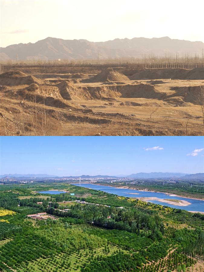 上图为治理前的北京怀柔潮白河流域(2012年摄);下图为治理后的北京怀柔潮白河流域(2018年摄)。 新华社发
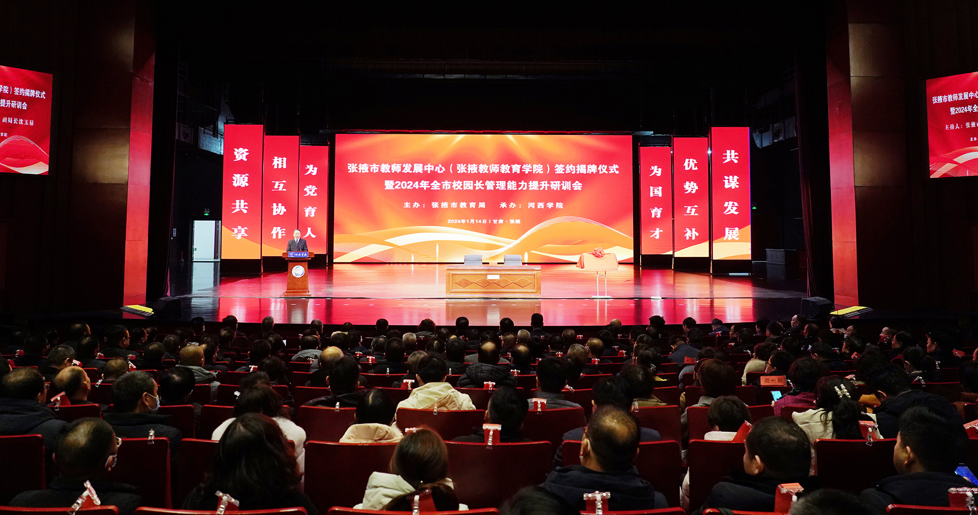 中國張掖網(wǎng)訊 1月14日,張掖市教師發(fā)展中心(張掖教師教育學(xué)院)簽約揭牌儀式暨2024年全市校園長管理能力提升研訓(xùn)班在河西學(xué)院河西講堂報(bào)告廳舉辦。河西學(xué)院黨委常委、副院長王新華、張掖市政府督察專員袁小龍出席,揭牌儀式由張掖市教育局黨組成員、副局長沈玉祿主持。
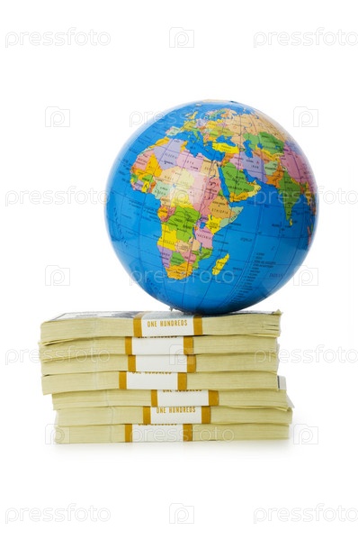 Стопка денег и глобус на белом фоне
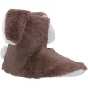 Infant children’s bootie slipper with easy touch fasten closure and character front.
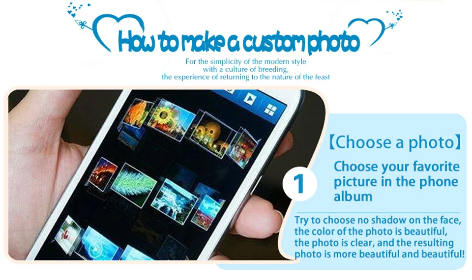 1. 【Выберите фотографию 】 Выберите свою любимую фотографию в альбоме телефона.2. 【Отправьте фото 】 свяжитесь с нами, отправьте нам выбранную вами картинку и сообщите нам размер.3. 【Посмотрите на эффективность 】после отправки фотографии, служба поддержки клиентов покажет вам эффект фото дизайна.4. 【Сделайте заказ 】 разместите заказ для оплаты, выбрав правильный размер. Мы завершим производство в течение 3 дней.
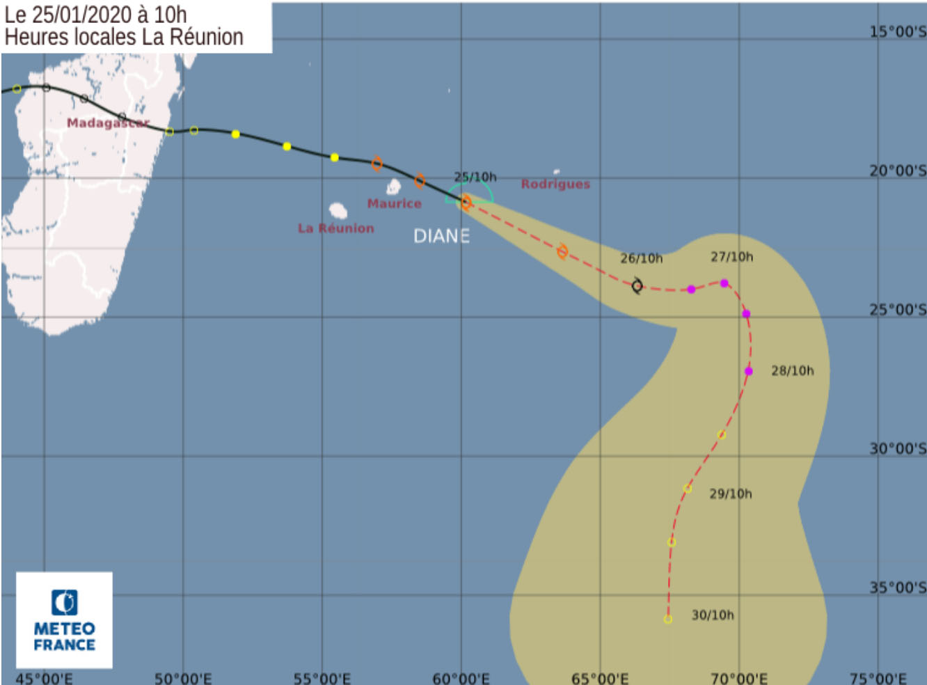 Devenue la tempête tropicale modérée en fin de journée de ce vendredi 24 janvier, Diane se trouvait à 4 heures ce samedi à 305 km à l'est-nord-est des côres réunionnaises. Elle continue de faire route vers l'est-sud-est à la vitesse de 26 km/h.
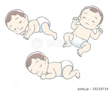 寝ている赤ちゃんのポーズ素材セット。手書き風のイラスト素材59259719- PIXTA。
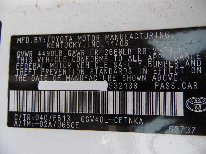 2007 TOYOTA CAMRY LE WHITE 3.5L AT Z195062007 TOYOTA CAMRY LE WHITE 3.5L AT Z19506
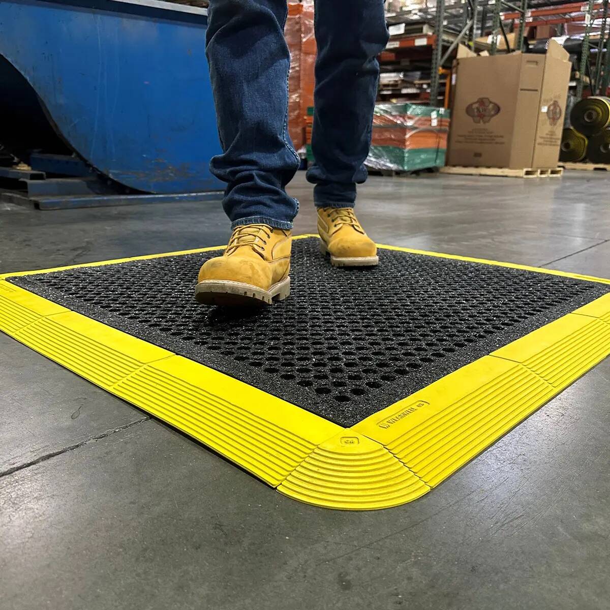 העיצוב המנוקב מאפשר ניקוז יעיל של נוזלים ומונע הצטברות מים, בעוד מערכת הנעילה המודולרית מאפשרת חיבור מהיר בין משטחים ליצירת אזור עבודה רציף ובטוח.
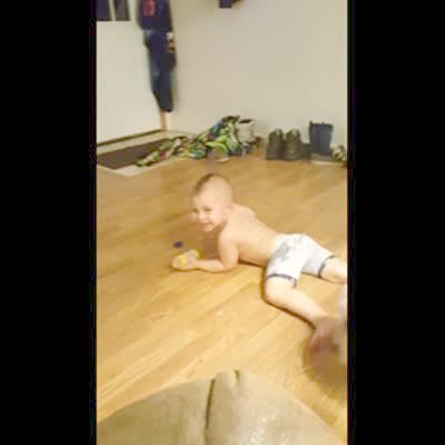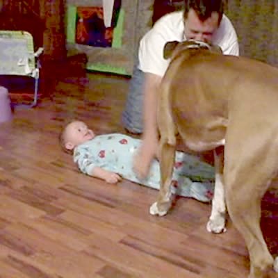 Beagle dog on the couch barks at baby boy laying on the hardwood floor. Baby laughs, dog runs around & spins in the baby's face.
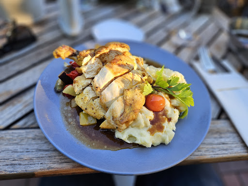 We both ordered a zucchini burger on hummus , as the only nice looking vegan option but it wasn’t what we expected. Hummus tasted like from the other vegan dish, stated curry lentil purée but the staff didn’t admit that they insisted that is “hummus”. When we asked the waitress to check what is inside she came back and told us there was honey in it which isn’t vegan.. that was our first and most concern beside the missing hummus, do not present something as a vegan dish if it isn’t fully vegan. But then she came back and said it was her mistake , there is no honey… it’s very unfortunate that the people serving food there are not aware what the food is made of or making up things, but definitely didnt seem trustworthy. Also , Some people can have allergy to the ingredients that aren’t listed.. Second thing, the misleading ‘bruschetta tomato’ as comes as part of the dish. Well there was no bruschetta at all but been told that the tomato is called bruschetta, there is no such thing as that , again. Seemed like someone created a good looking / sounding extremely overpriced dishes to make but behind there is lack of taste or even missing, mixed up ingredients. After I refused this dish got the other vegan option which was just even worse , over fried aubergine in guacamole as been told that the lentil purée contains curry too , what a surprise! 😉 If you wanna make vegan dishes is great but do it properly without misleading information and not only over fried vegetable with a salad.. for 17 euros is just simply outrageous. If I could I would give 0 star, but giving one star as we got discounts on our ordered food which weren’t representative to what it was written on...
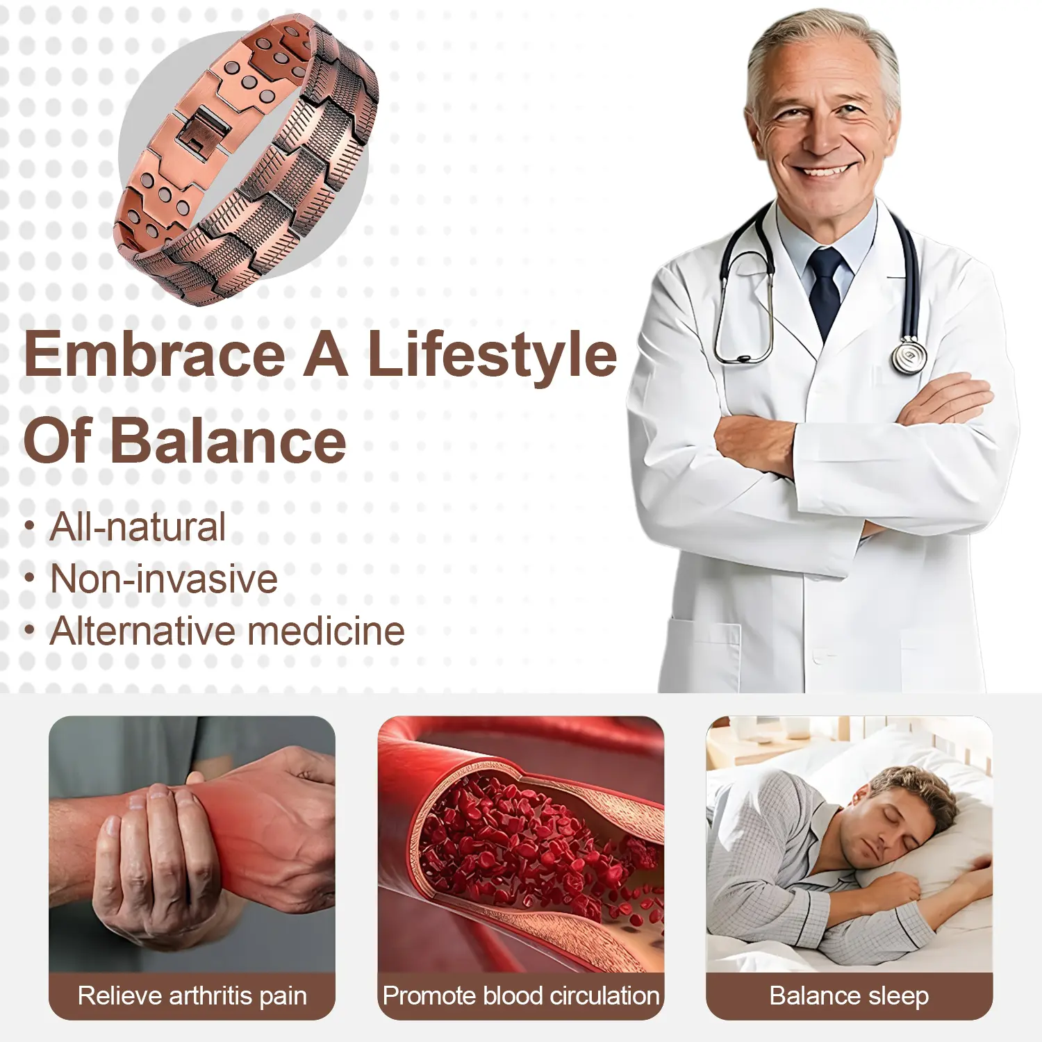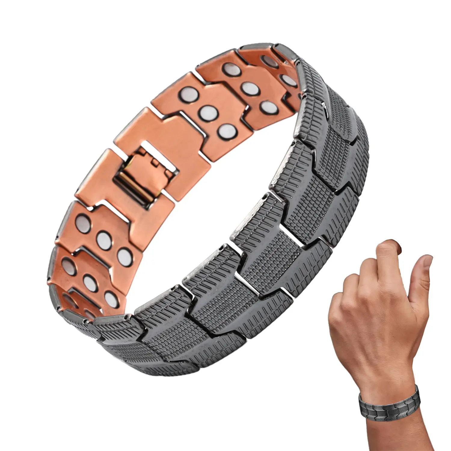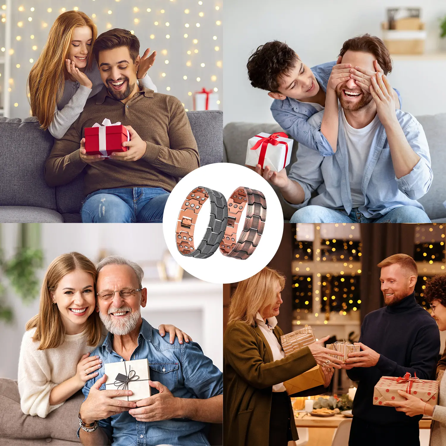 3x Men's Copper Bracelet Triple Super Magnet, Magnetic Bracelet with Adjustable Size Tool, Relieves Joint Pain and Improves Energy Circulation Strong Magnetic Bracelet Men's Valentine's Day Father's Day Jewelry Gift

————

**PROBLEM REQUIREMENTS**
Reproduce exactly, with no pictures, the lines above from the one holding "寝ている赤ちゃんのポーズ素材" to the one holding "Beagle dog on", inclusive.

**OUTPUT BELOW**
 寝ている赤ちゃんのポーズ素材セット。手書き風のイラスト素材59259719- PIXTA。
 2007 TOYOTA CAMRY LE WHITE 3.5L AT Z195062007 TOYOTA CAMRY LE WHITE 3.5L AT Z19506
 העיצוב המנוקב מאפשר ניקוז יעיל של נוזלים ומונע הצטברות מים, בעוד מערכת הנעילה המודולרית מאפשרת חיבור מהיר בין משטחים ליצירת אזור עבודה רציף ובטוח.
 Beagle dog on the couch barks at baby boy laying on the hardwood floor. Baby laughs, dog runs around & spins in the baby's face.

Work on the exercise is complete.